Then I ask you a question, do you think for ordering the temporary memory table, it will be what kind of algorithm to choose? Recall a conclusion on the article: For InnoDB tables, perform a full field ordering will reduce disk access
ask, therefore will be preferred.

I emphasize the "InnoDB table," you must think, for the memory table, back to the table process simply based on location data line, to get direct access to memory data, it will not lead to a multi-access disk. Optimizer does not this layer concerns,

Then it will be a priority, the line is used for sorting as small as possible, and therefore, MySQL will then select rowid sort.

2, randomly ordered complete process

Understand the logic of this algorithm selection, we look at the execution flow statement. At the same time, through this example today, we try to analyze the number of scanning lines of the statement.

The flow of execution of this statement is this:

1. Create a temporary table. The memory temporary table using the engine, table has two fields, a first field is of type double, described later, for convenience, referred to as the field R, the second field is varchar (64) type, referred to as a field W. Also, this table is not indexed.

2. Remove all the values of the primary key word order words from the table. Value for each word, calling rand () function generates a random decimal greater than 0 to less than 1, and this word are stored in a random decimal and temporary tables
    R and W fields, this scanning line number 10,000.

3. Now there are 10,000 temporary table rows of data, the next you do not want to index in this temporary table memory, according to field R sort.

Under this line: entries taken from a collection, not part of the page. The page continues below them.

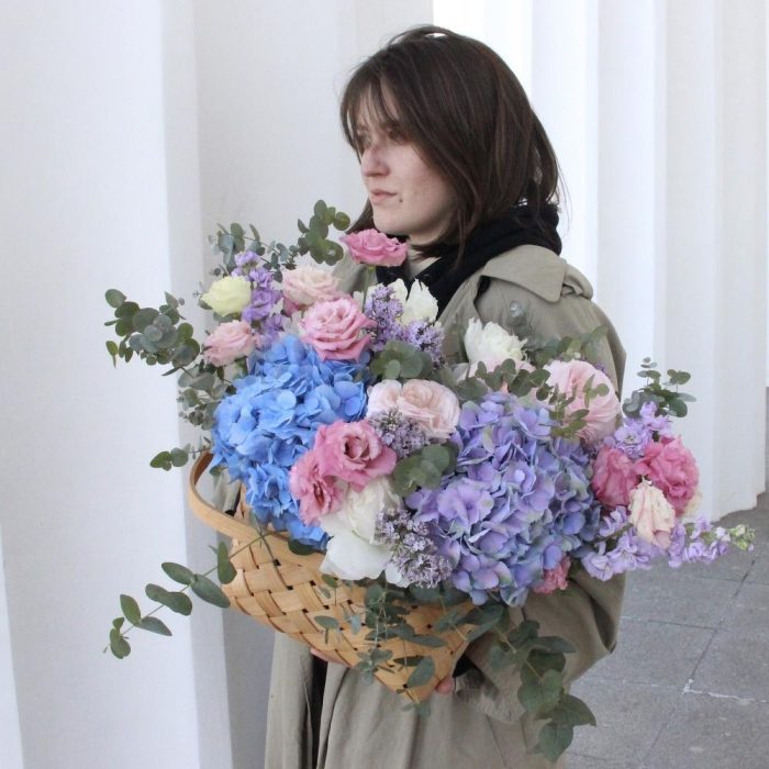 Гортензия – 2 шт.Лизиантус – 7 шт.Маттиола – 5 шт.Пион – 9 шт.Эвкалипт – 13 шт.Флокс – 4 шт.Оазис флористический – 2 шт.Лукошко плетеное – 1 шт.
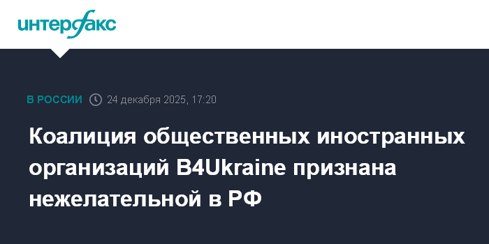 Москва. 24 декабря. INTERFAX.RU - Коалиция общественных иностранных организаций B4Ukraine признана нежелательной в России, сообщила Генпрокуратура РФ в среду.
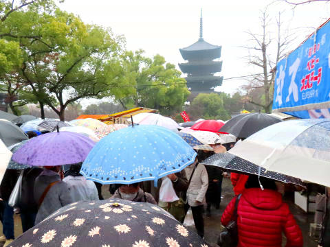 最近、開催日についての質問メールが多いのですが、 東寺の弘法市は毎月21日にしか開催されません。 また、雨天でも開催されます。 駐車場に限りがありますので、 出来るだけ電車かバスでお越しください。 季節により拝観時間が変わりますのでご注意ください。
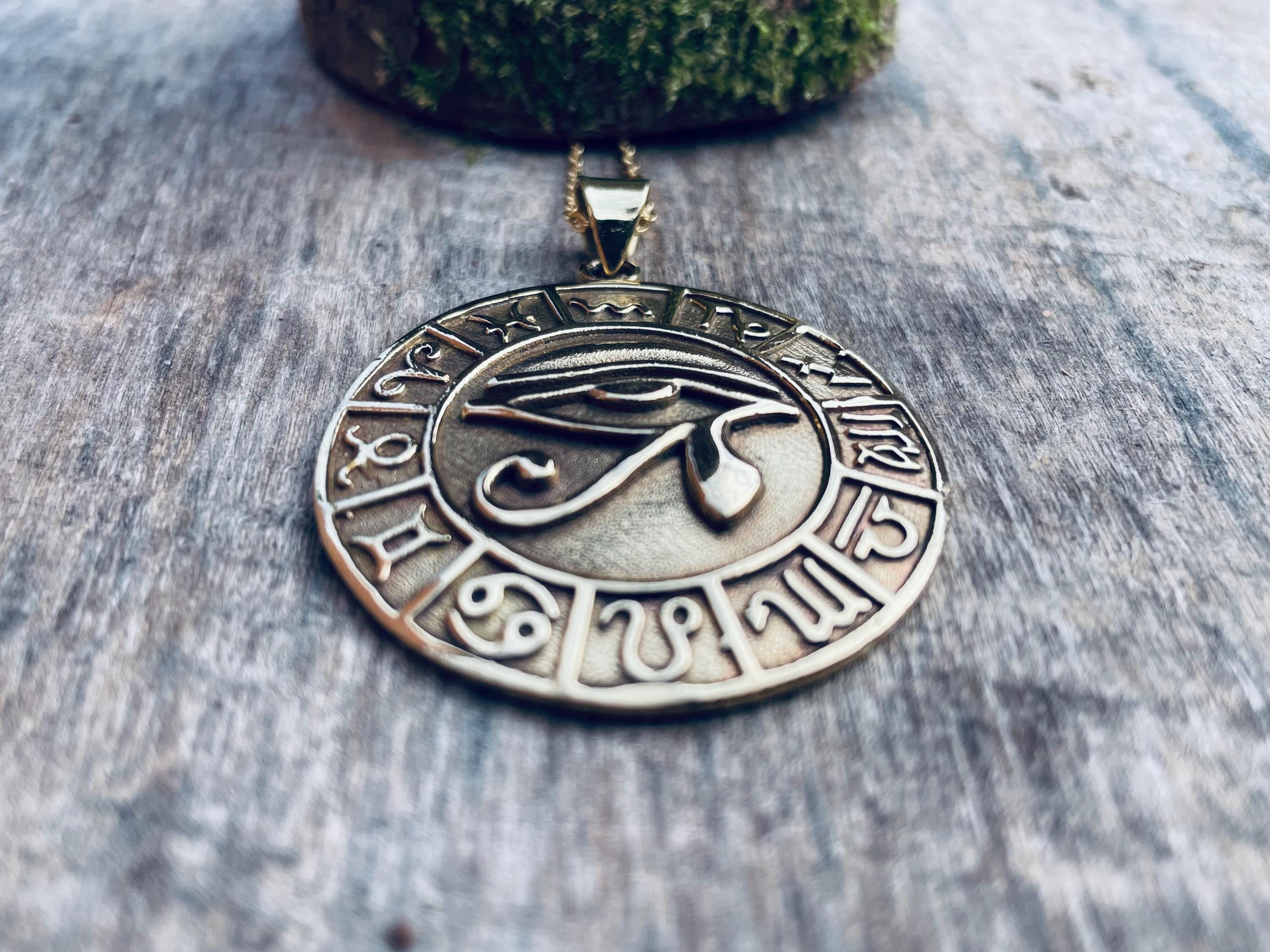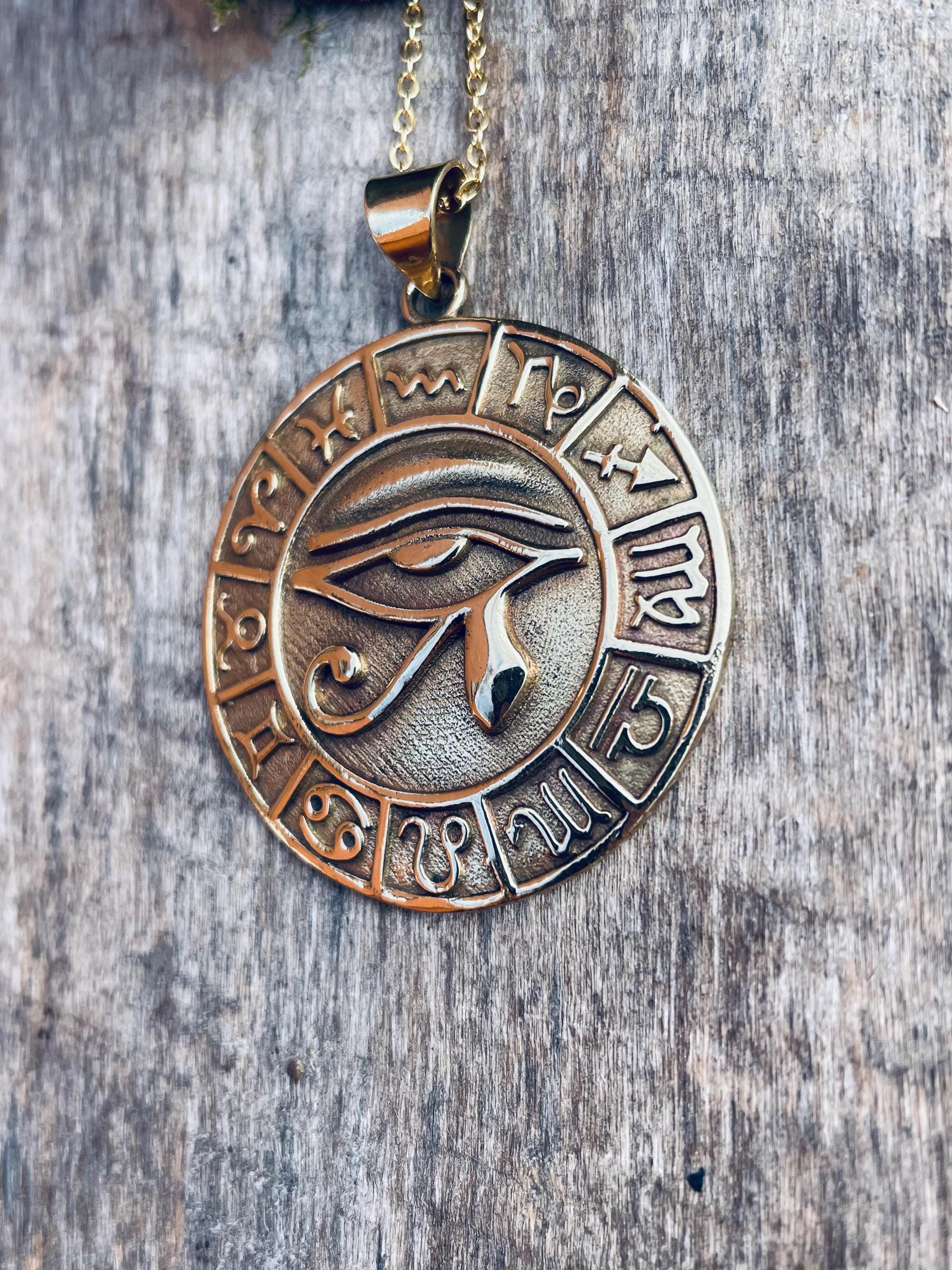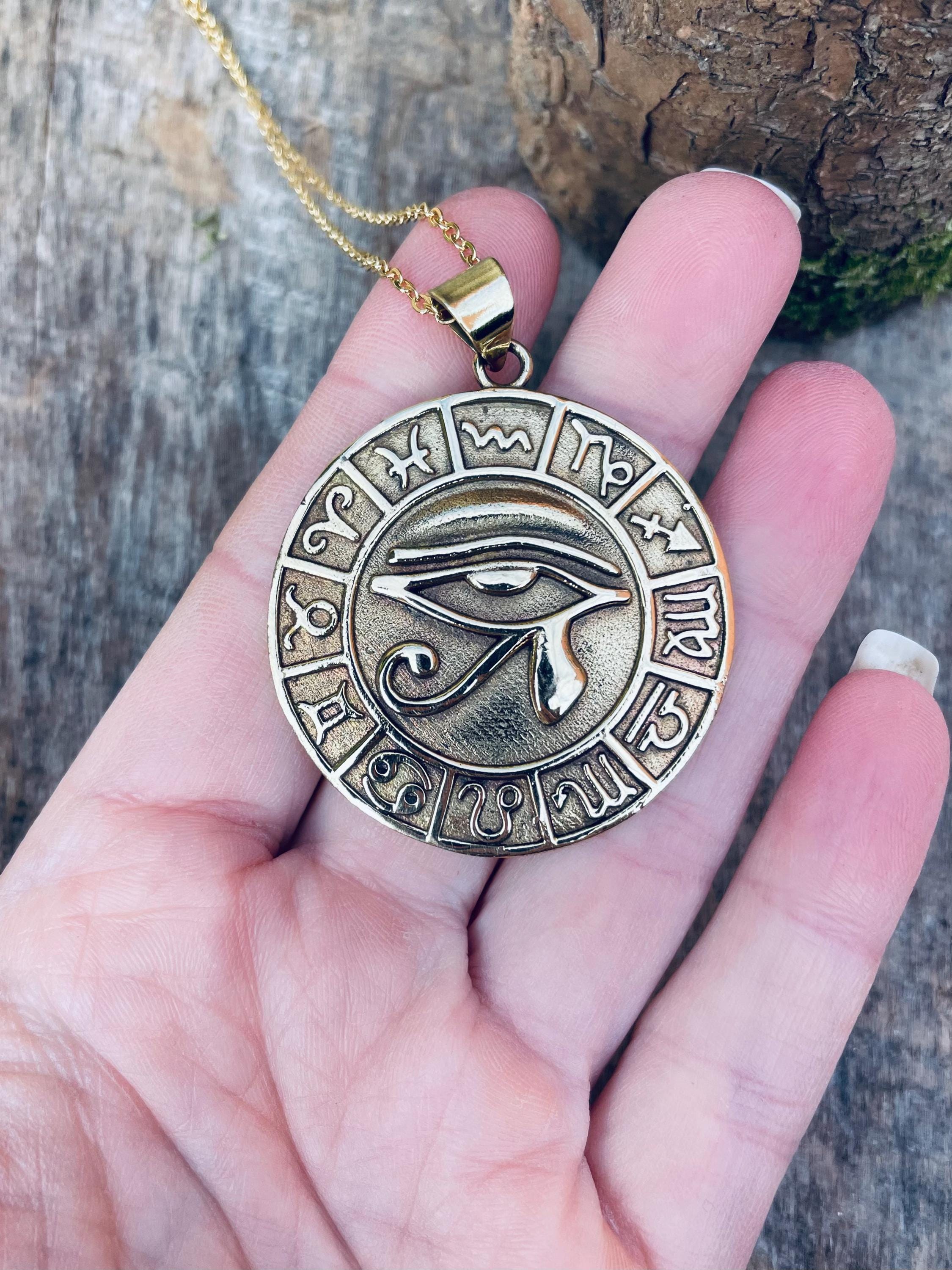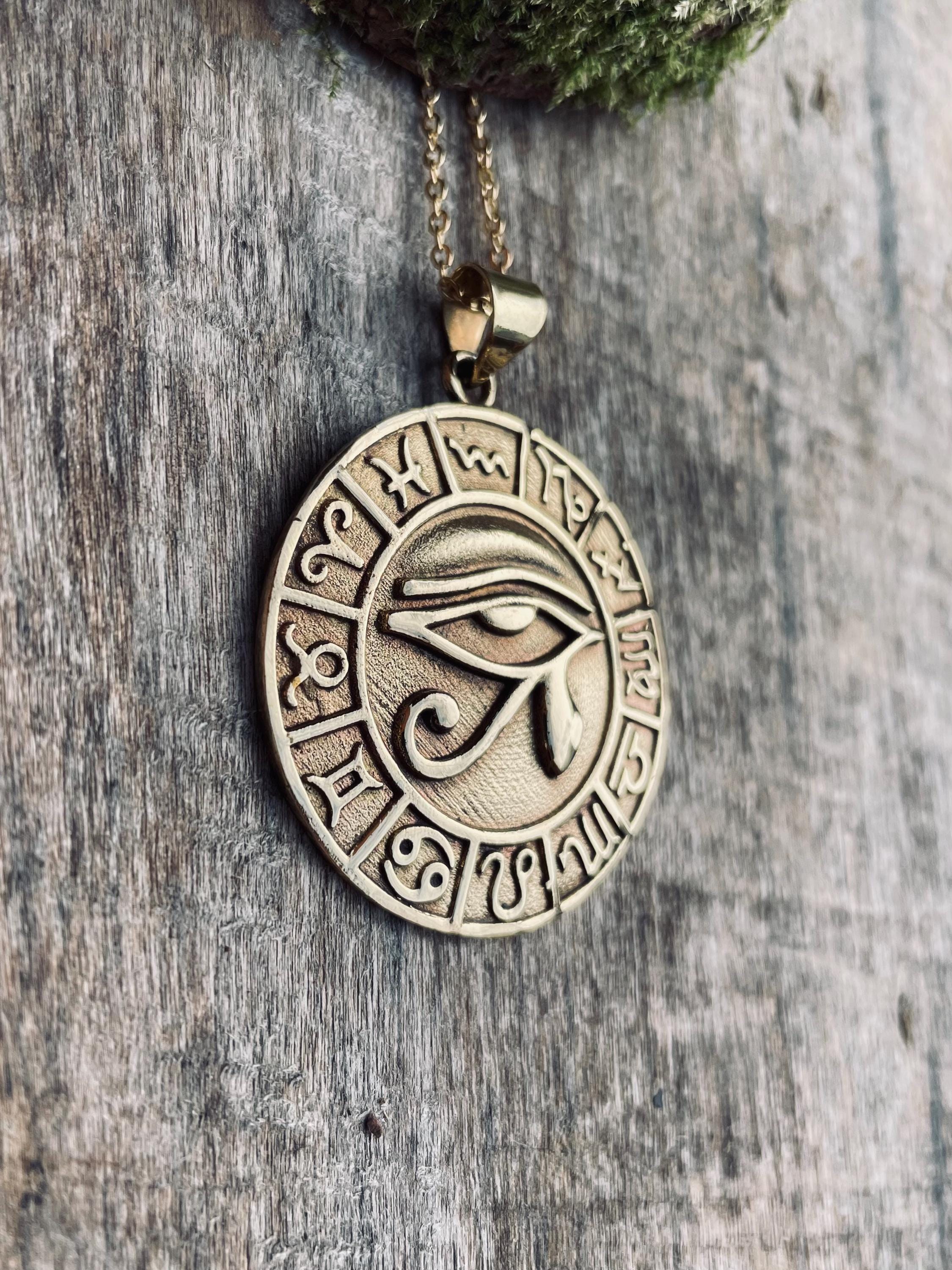Eye of Horus pendant necklace in brass and stainless chain (optional).
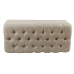Features: It consists of one storage bench only Features padded seat with button tufted details and hinged opening Made from durable wood and plywood materials; features polyester upholstery. Overall Dimensions: 18 inches in Length x 40 inches in Width x 18 inches in Height It adds essential storage space to areas around your home and supported on tapered feet.
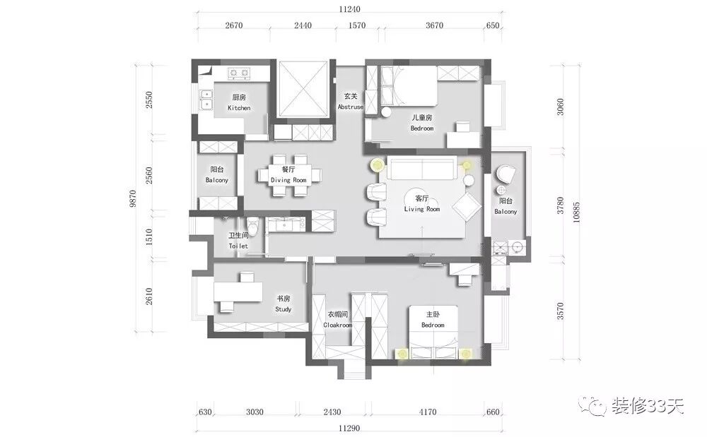▲ 次卧灰白色调,搭配木色家具,黄色壁纸床背景,空间被瞬间提亮
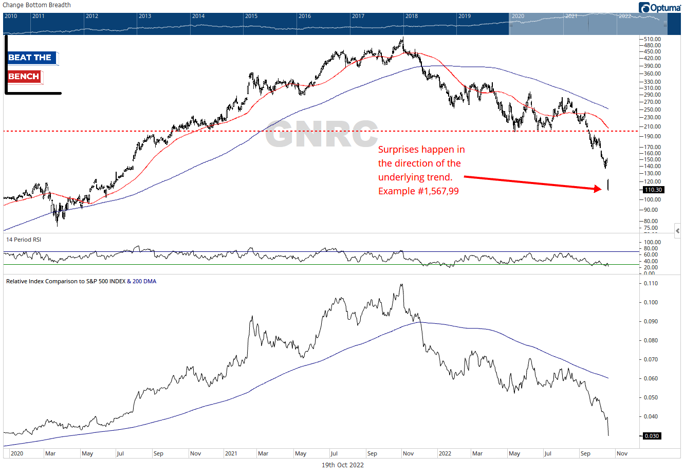 They say surprises happen in the direction of the underlying trend. For Generac that trend has been down for months. GNRC was featured in the very first edition of this report and I called it a short when it was trading at $175. GNRC fell 25% yesterday and is down 36% since that report.
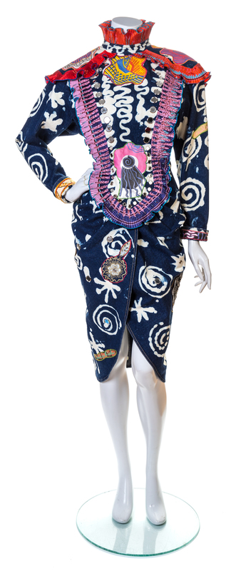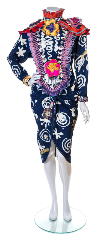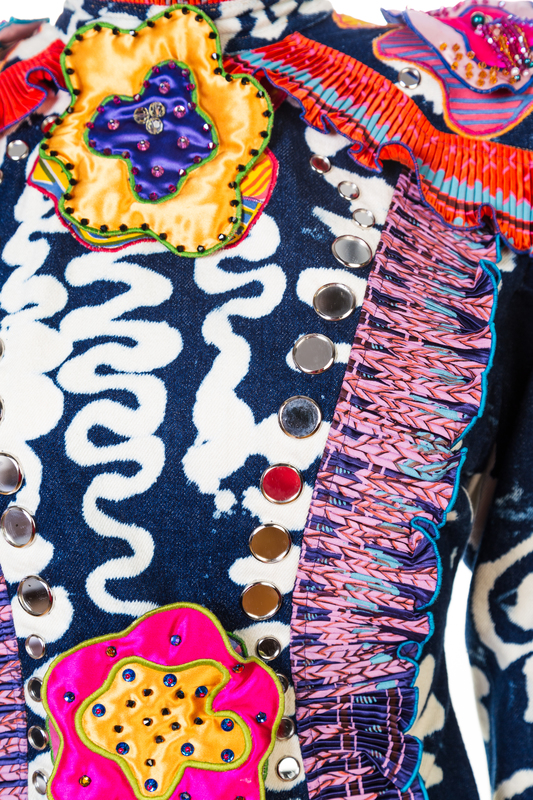 1988,"The Fantastic Flower Garden Collection",showcasing a wide range of techniques including applique, pleating, hand painting and screen printed fabrics with a back button closure; together with four detachable floral brooches.Labeled and signed: Zandra Rhodes.
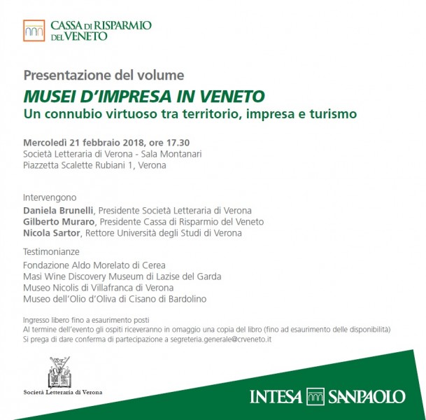 21 febbraio 2018 – Presentazione del volume “I musei d’impresa in Veneto. Un connubio virtuoso tra territorio, impresa e turismo” presso la Società Letteraria di Verona.
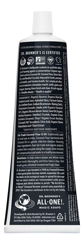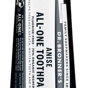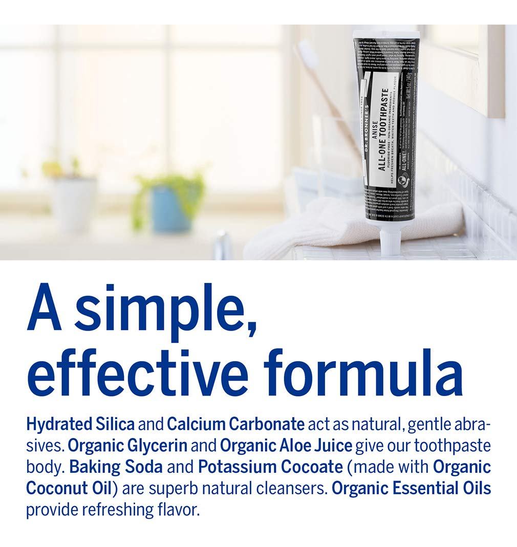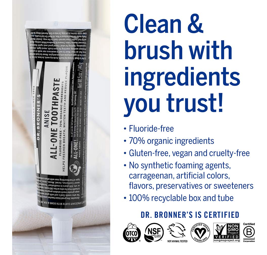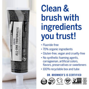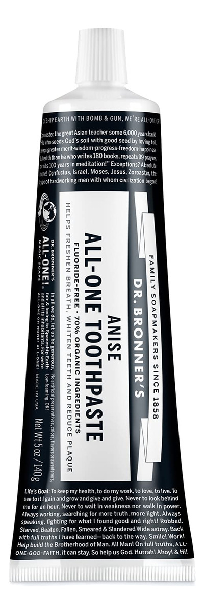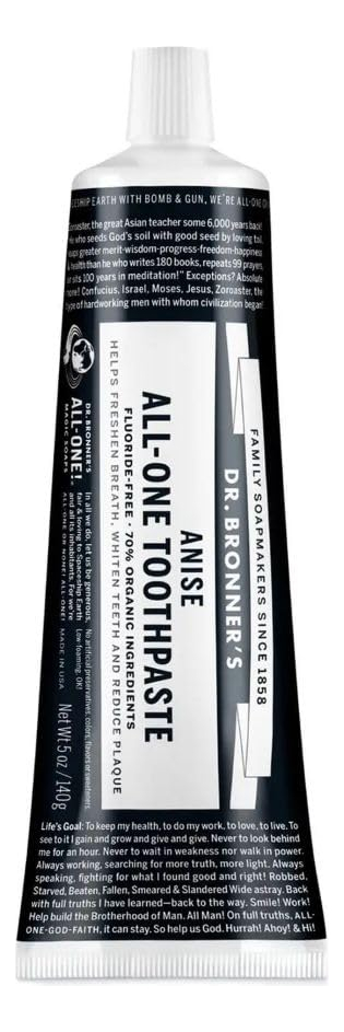 Dr. Bronners — Creme dental completo (anis, 5 onças) — 70% de ingredientes orgânicos, naturais e eficazes, sem flúor, sem SLS, ajuda a refrescar o hálito, reduzir a placa bacteriana, clarear os dentes, vegano — FEITO COM INGREDIENTES ORGÂNICOS E DE COMÉRCIO JUSTO: O creme dental completo Dr. Bronner é feito com 70% de ingredientes orgânicos. Nossa fórmula de baixa espuma ajuda a clarear os dentes, reduzir a placa bacteriana e refrescar o hálito. – Sem espuma sintética AGENTES: Sem laurilsulfato de sódio, lauroilsarcosinato de sódio, laurilsulfato de amônio, metil cocoil tauratenona de sódio! Sem cores, sabores, conservantes ou adoçantes artificiais. Livre de flúor e crueldade! – UMA FÓRMULA SIMPLES: A sílica hidratada e o carbonato de cálcio atuam como abrasivos naturais e suaves; o bicarbonato de sódio e o cocoato de potássio (feitos com óleo de coco orgânico) são excelentes limpadores naturais; os óleos essenciais orgânicos fornecem um sabor refrescante. É simples assim! – POR QUE CREME DENTAL SEM FLÚOR: Pesquisas mostram que os americanos estão recebendo flúor mais do que suficiente por meio da fluoretação da água. O Dr. Bronner's fornece um creme dental eficaz sem flúor para consumidores que desejam reduzir a ingestão de flúor – NOSSO CREME DENTAL É LIVRE DE CRUELDADE E NUNCA FOI TESTADO EM ANIMAIS: os produtos e ingredientes do Dr. Bronner nunca são testados em animais, então eles se qualificam para o logotipo Leaping Bunny. Finalmente, uma pasta de dente que corresponde aos seus valores!
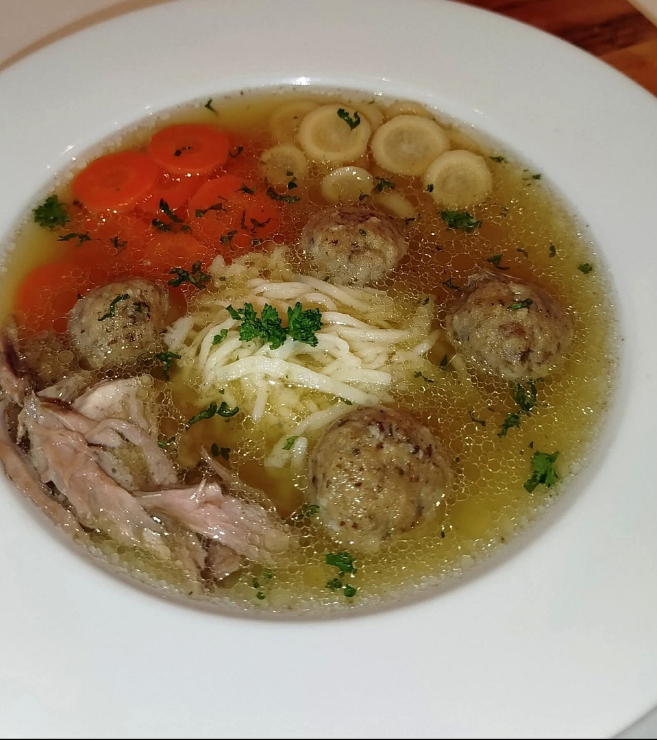 Silný kuřecí vývar s drůbežími knedlíčky s libečkem
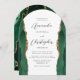 Emerald Green Gold Agate Script Arch Wedding Invitation

4. Initialize sort_buffer. sort_buffer has two fields, a type double, the other is an integer.
5. Remove the R-value line by line and location information from memory temporary table (behind me and explain why you are here "position information"), respectively, into sort_buffer two fields. The process to do the whole table memory temporary table
    scans, this time to increase the number of scanning lines 10000, became 20,000.
6. sorted according to the value of R in sort_buffer. Note that this process is not related to the operation table, so it will not increase the number of scanning lines.
7. After sorting is complete, remove the top three results of the position information, the temporary memory table successively extracted word value back to the client.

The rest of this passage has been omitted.